Oct 14 11:10:54 AI-ML18 dgraph[536169]: I1014 11:10:54.738624 536182 groups.go:750] Found connection to leader: localhost:5080
Oct 14 11:10:54 AI-ML18 dgraph[536169]: I1014 11:10:54.739088 536182 groups.go:704] No healthy Zero leader found. Trying to find a Zero leader…
Oct 14 11:10:54 AI-ML18 dgraph[536169]: E1014 11:10:54.752493 536182 groups.go:1229] Error during SubscribeForUpdates for prefix “\x00\x00\x00\x00\x00\x00\x00\x00\x00\x00\x15dgraph.graphql.schema\x00”: unable to find any servers for group: 1. closer err:
Oct 14 11:10:54 AI-ML18 dgraph[536169]: I1014 11:10:54.840109 536182 run.go:786] Caught Ctrl-C. Terminating now (this may take a few seconds)…
Oct 14 11:10:54 AI-ML18 dgraph[536169]: I1014 11:10:54.851876 536182 run.go:791] Stopped before initialization completed
Oct 14 11:10:54 AI-ML18 dgraph[536169]: I1014 11:10:54.854678 536182 groups.go:750] Found connection to leader: localhost:5080
Oct 14 11:10:54 AI-ML18 dgraph[536169]: I1014 11:10:54.854742 536182 groups.go:704] No healthy Zero leader found. Trying to find a Zero leader…

What could be causing the Alpha instance on xxx.xxx.x.28 to not find a healthy Zero leader, even though it connects? Are there any specific configurations or settings I should adjust to ensure proper connection and healthy leader discovery between Alpha on xxx.xxx.x.28 and Zero on xxx.xxx.x.27? Do I need to configure anything on the Zero instance to support connecting Alphas from multiple servers?

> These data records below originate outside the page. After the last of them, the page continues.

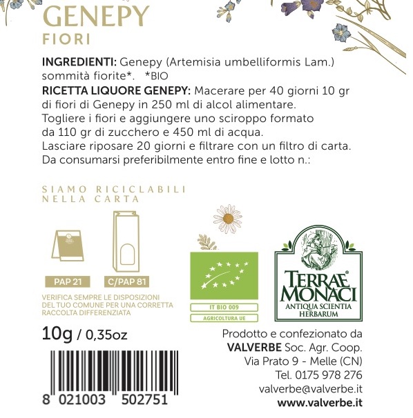 RECETTE LIQUEUR DE GÉNÉPI : Faites macérer 10 g de fleurs de génépi dans 250 ml d'alcool au bon goût pendant 40 jours. Retirez les fleurs et ajoutez un sirop composé de 110 g de sucre et 450 ml d'eau. Laisser reposer 20 jours et filtrer avec un filtre en papier.
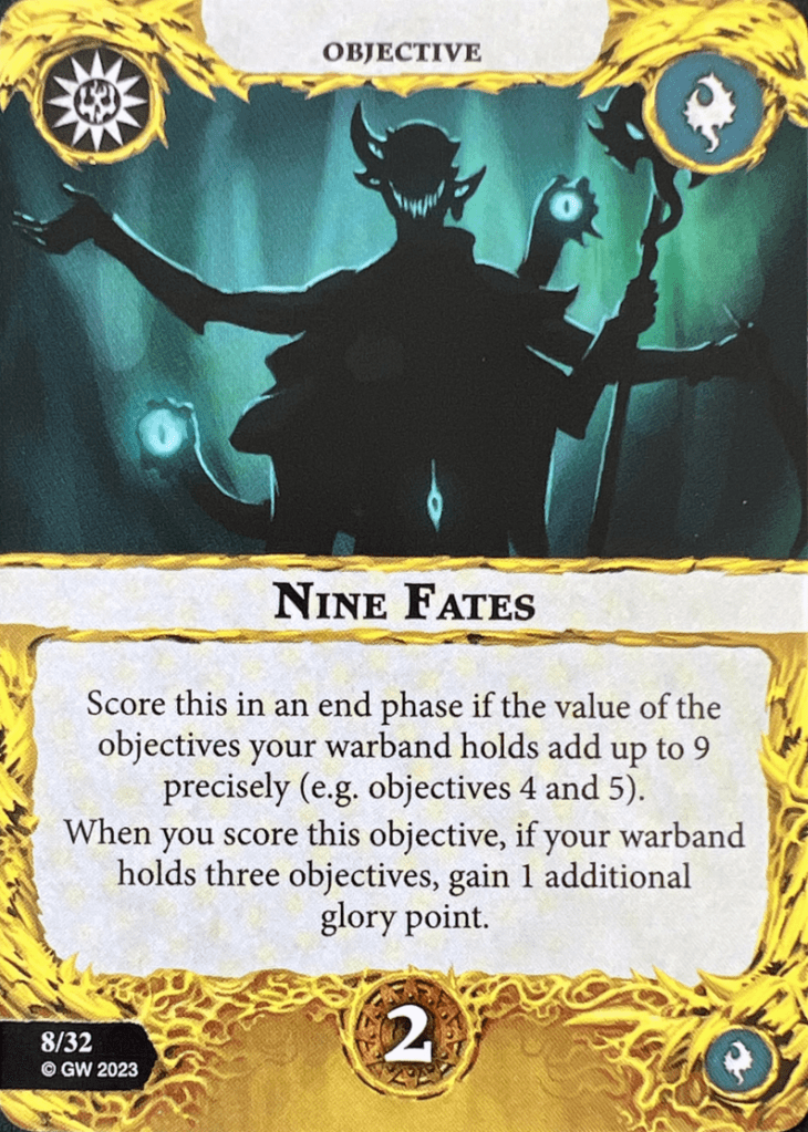 Closing the Circle – Faction Temporary Victory, 2 glory for holding 3 objectives after an opponent’s power step. In Round 1 this is really easy as your plot card lets you push yourself around to get onto objectives faster. An issue I see with this is your changers dying later into the game, making it hard to have 3 fighters on an objective at once. This is also another way to generate glory while waiting for your leader to inspire. It is possible but hard, and is quite rewarding. It’s just pretty easy to deny.
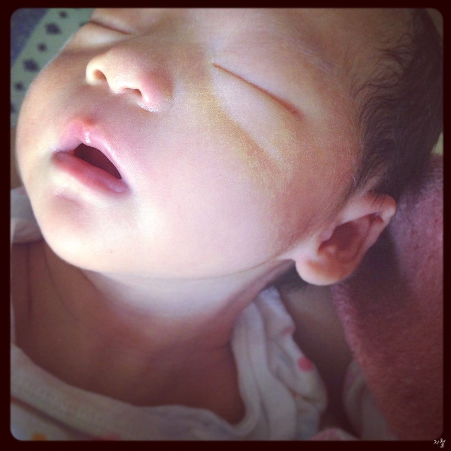 얼굴이 더 노랗게 된 황달이 조금 있는 란이
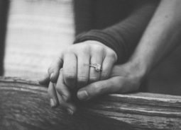 一对恋人的手上戴着钻石戒指紧紧扣在一起
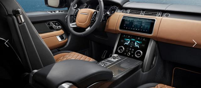 全新2018款路虎揽胜行政 内饰方面:路虎揽胜行政车内强大的功能并非体现在众多按键上,8英寸高分辨率液晶屏提供了出众的整合方案,至于音频输出,可以选择用29个扬声器或是原厂带的蓝牙耳机收听。控制台顶端以及方向盘以牛津皮革包裹,无论是视觉效果还是质感都无与伦比。中央显示屏双画面技术可使驾驶者和乘客同时观看不同的画面。
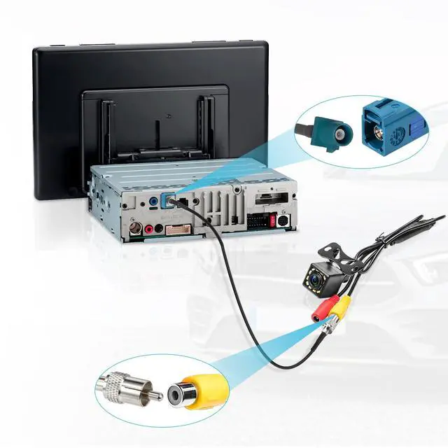 Compatible with ML-350, Sony XAV-AX8500 car audio systems, aftermarket radios, car head units, factory rear view cameras, audio control units, and similar devices. (Note: Not compatible with non-FAKRA female connectors or devices lacking RCA input ports.)
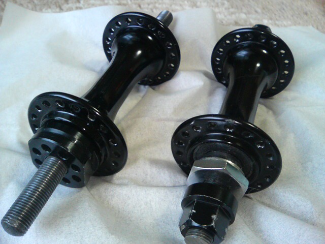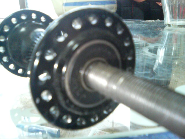ちっと前からいじってたハブがいつでも組める状態に仕上がった。っていってもバラしてベアリング洗ったりシャフトをチョップしたりオイル試してみたりだったんだけどね
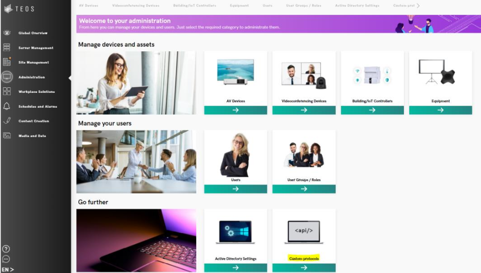 From version 3.0 onwards, you can add custom protocols to use devices not natively integrated into TEOS. Go to Administration > Custom Protocols in TEOS.
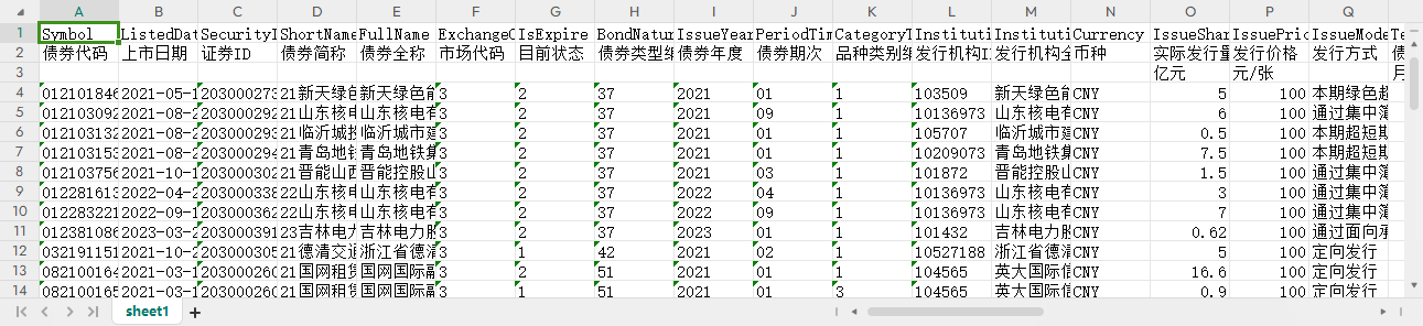 债券代码 上市日期 证券ID 债券简称 债券全称 市场代码 目前状态 债券类型编码 债券年度 债券期次 品种类别编码 发行机构ID 发行机构全称 币种 实际发行量 发行价格 发行方式 债券期限 发行起始日期 到期日期 计息日期 止息日期 摘牌日期 付息方式编码 计息方式编码 年付息次数 票面利率 债项评级 债券主体评级 可赎回性 赎回条款 赎回日期 赎回价格 可回售性 回售条款 回售日期 回售价格 可调换性 是否跨市场 跨市场说明 是否可分离 承销方式 发行对象 网上发行数量 计息基础 第一次付息日 行权类型 看涨看跌
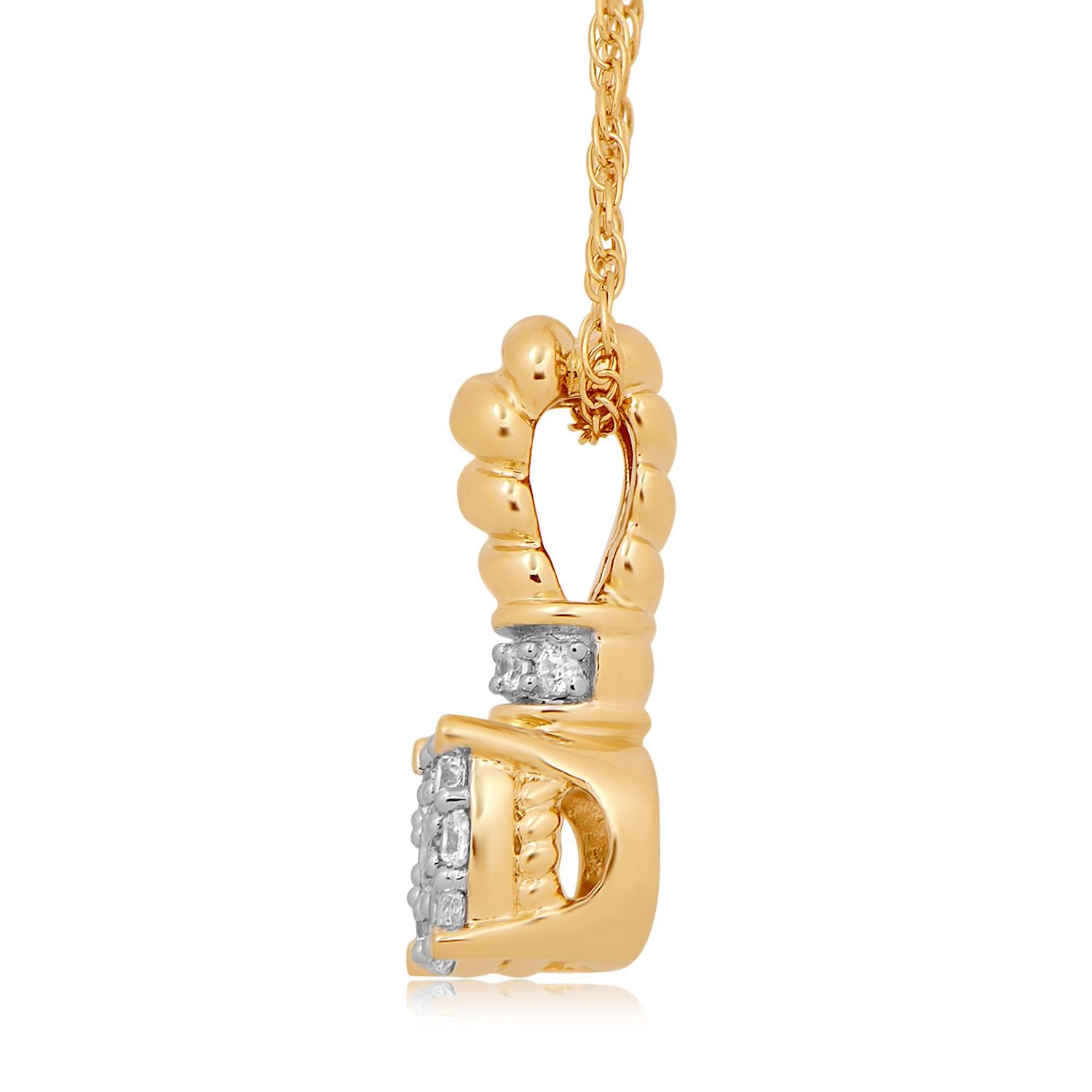 Jewelili 10K Yellow Gold With 1/4 CTTW Natural White Diamond Cluster Pendant Necklace
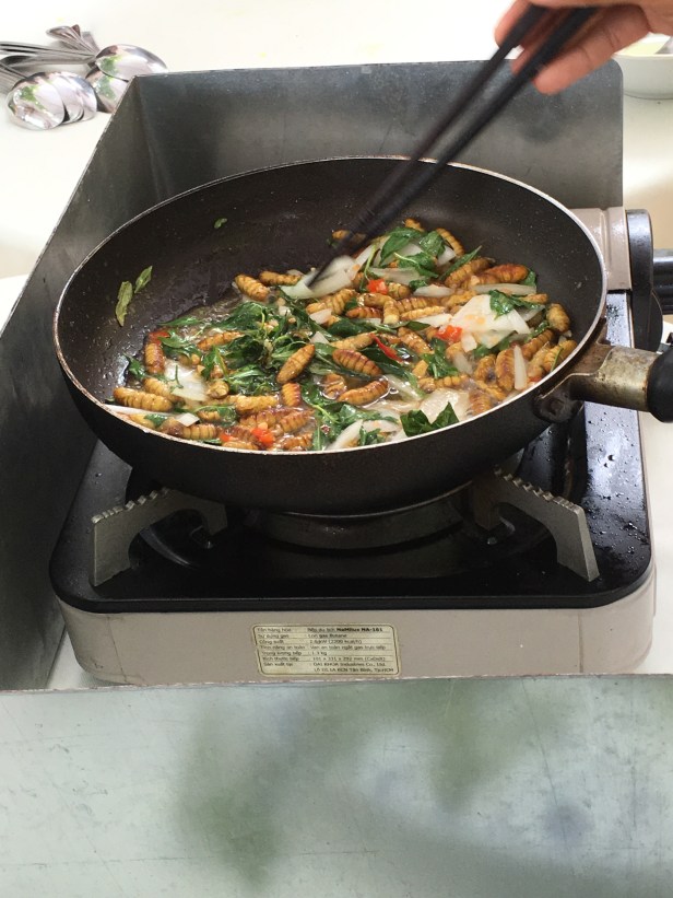 I learned to make rice paper rolls, Hoi An Pancakes, and a mouthwatering stew! I even tried their specialty below: YES, those really are MEALY WORMS.
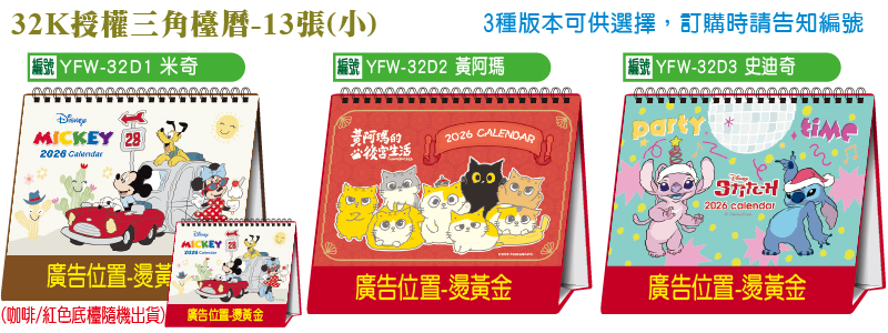 多樣設計:統義實業有限公司提供YFW-32D2黃阿瑪【統義】2026年32K授權三角檯曆(13張)(小)【正版授權桌曆工廠】【2026授權桌曆工廠】【黃阿瑪授權桌曆工廠】【桌曆工廠】【客製化工廠】【三角檯曆工廠】【禮贈品工廠】【超便宜工廠】【3000免運】的多樣化設計
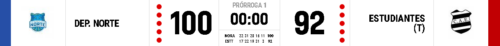 Durante la primera parte del encuentro y también en el tercer segmento Norte dominó completamente las acciones donde llegó a sacar una ventaja máxima de 19 puntos. Las Cebras promediando el último cuarto lograron bajar la diferencia a menos de dos dígitos y a base de conversiones desde los 6,75 mts y una firmeza defensiva igualaron el cotejo llevando el mismo al suplementario.
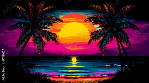 © Thiago, Naklejka premium Retro wave horizon landscape with neon lights, palm trees, and sunset at the beach, retro futurism, synthwave. Neon Vaporwave Sunset. Illustration
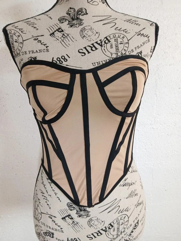 💥 Bustier style corset beige & noir – Taille XS – Sexy & tendance - photo numéro 5
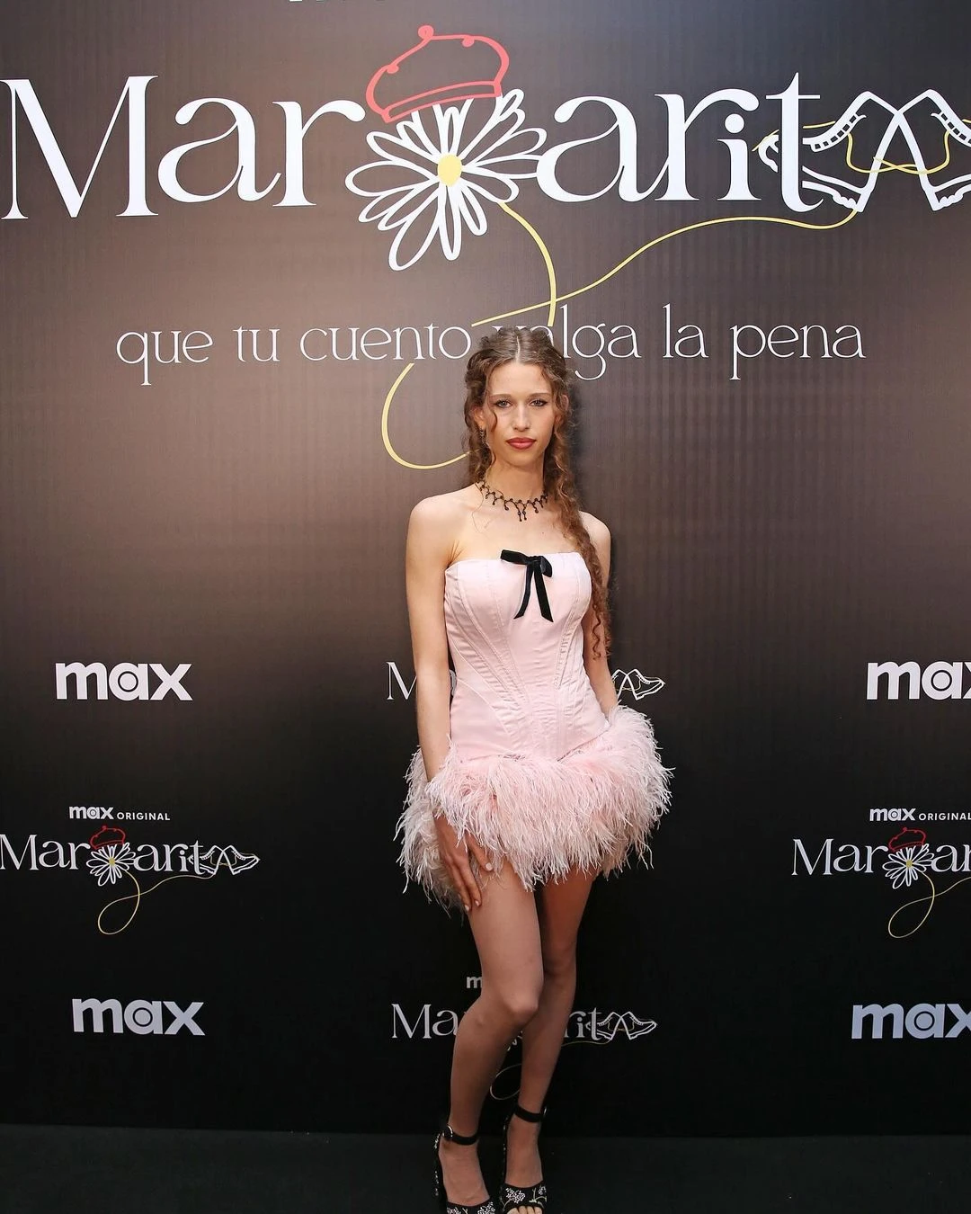 Mery del Cerro fue otra de las protagonistas de Margarita que deslumbró en la avant première con un vestido negro troquelado que presentaba un claro guiño al nombre de la tira de Cris Morena, firmado por Javier Saiach.
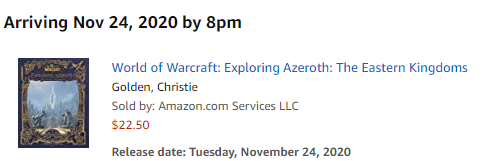 "Blizzard has again delayed the upcoming World of Warcraft: Exploring Azeroth: Eastern Kingdoms book by Christie Golden to December 3, 2020" It used to be released 1 week prior to Shadowlands release originally
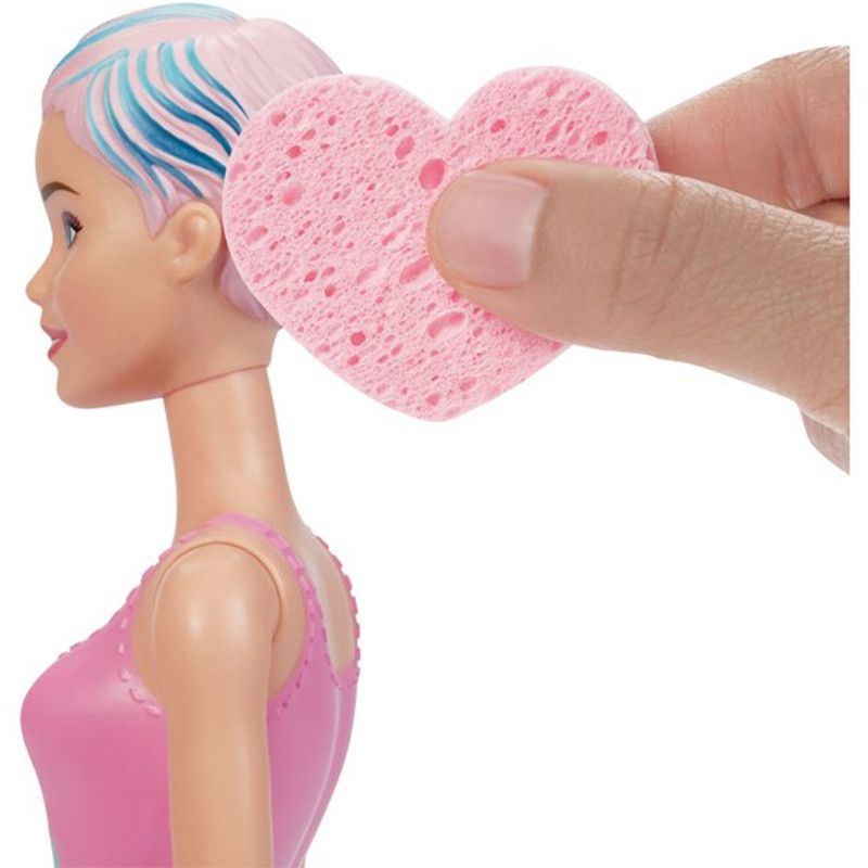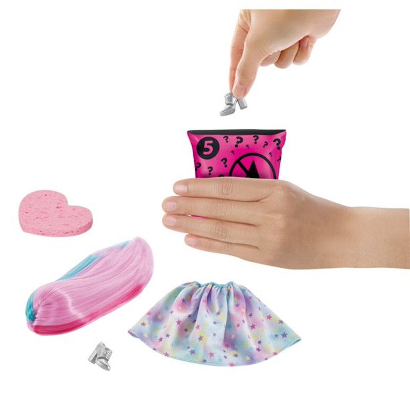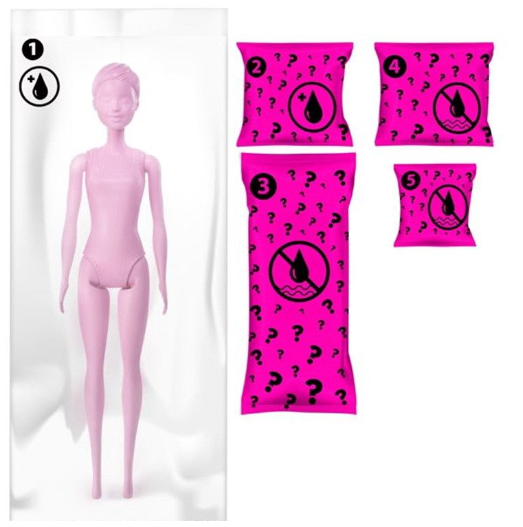 Barbie kolorowa niespodzianka to lalka, która wraz z akcesorami zamknięta jest w tubie. Z dużym zaciekawieniem dziewczynki będą otwierać tubę, gdyż nie wiedzą, którą z 5 lalek mają w zestawie. Otwieramy tubę pociągając za pasek i w przezroczystej tubie ukazje nam się różowa lalka surprise, a w czterech saszetkach ukryte dodatki. Lalka ukazuje się dopiero po zanurzeniu jej w ciepłej wodzie. Wtedy różowa warstwa zaczyna musować, a nam ukazuje się lalka, którą udało nam się otrzymać.

Can anyone help me resolve this issue?

mike42 · October 26, 2024, 10:52am

Your port offset looks a little bit strange. It means an offset (a realation) not the port itself which should be used.

For example, when a user runs Dgraph Alpha with the --port_offset 2 setting, then the Alpha node binds to port 7082 (gRPC-internal-private), 8082 (HTTP-external-public) and 9082 (gRPC-external-public), respectively.

However from which node are the logs you are provided? If they are from the zero node there might be a problem with the command arguments because it tries to connect to the zero via “localhost:5080” on the alpha. There it wouldn’t get any response from localhost because the zero node runs on another host as you explained.

rarvikar · October 28, 2024, 11:03am

Hi @sivak, we’ve also provided a resolution for this on the GH issue created as there’s definitely a problem with the port_offset configuration as per your note. More importantly, there should be no need to even use port_offset if the second Alpha was setup on a different host, with no potential conflict on ports 7080 or 9080 due to a different service also listening to on the same ports.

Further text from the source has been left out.